The present invention relates generally to a polarization converter, and more particularly to a test apparatus incorporating the same.
Military weaponry, such as missiles, oftentimes employ one or more transmitters or receivers to facilitate high frequency communications. These communications typically may be used in guiding the missile, tracking the missile, etc. In such instances, the transmitter or receiver typically includes one or more antennas for transmitting/receiving signals used in the guidance or tracking of the missile. The transmitter, receiver and antennas may be located in the nose of the missile and may communicate with guidance or tracking equipment located on the ground. Alternatively, the transmitter, receiver and antennas may communicate to engage a target, etc.

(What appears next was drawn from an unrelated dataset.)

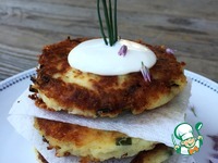 Смешайте все ингредиенты кроме муки. Сформируйте из этой массы лепешки и обваляйте в муке. Обжарьте с двух сторон на масле до хрустящей, золотистой корочки. |
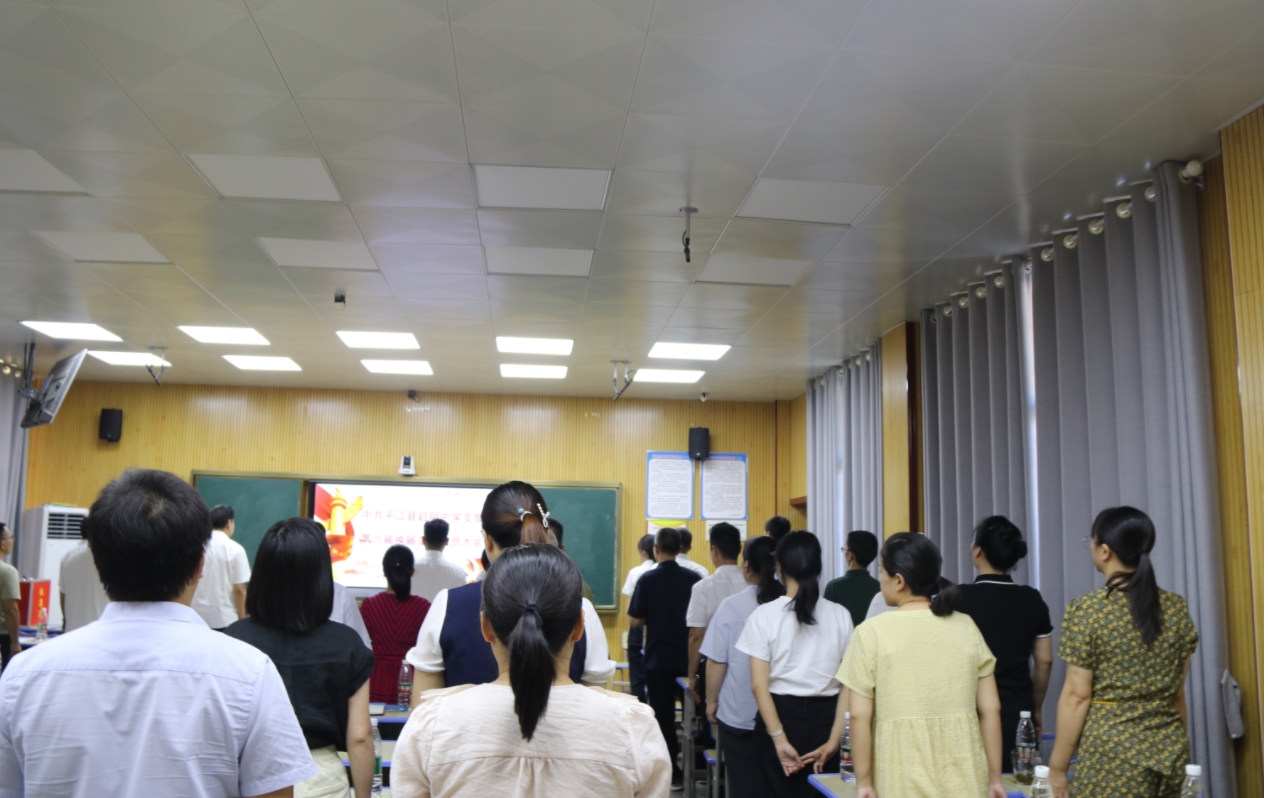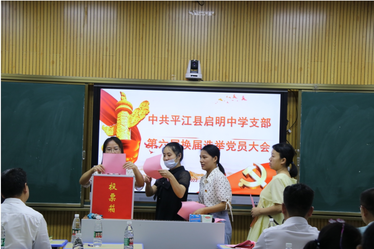 继往开来夯基石,砥砺奋进踏新程。根据《中国共产党基层组织选举工作暂行条例》规定,8月13日上午,中共平江县启明中学支部在学校承泽楼录播室召开第六届支部委员换届选举党员大会。全体党员参与,选举大会在庄严的国歌声中拉开序幕。

The antennas may be linear or circular polarized, for example. However, circular polarized antennas are oftentimes preferred. A circular polarized communication signal and antenna tend to be less susceptible to interference from reflections due to ground clutter, etc.
In view of the critical nature of such missile communications for guiding, tracking, etc., it is very important that the missile communications operate as intended. Consequently, "hoods" have been used extensively to verify the performance of the antennas, transmitters, receivers, cables, etc. that have been installed in the missile. For example, a hood is placed around the missile body and the power radiated from the antenna within the missile is detected by the hood and compared to a standard to determine if the hardware is functioning properly.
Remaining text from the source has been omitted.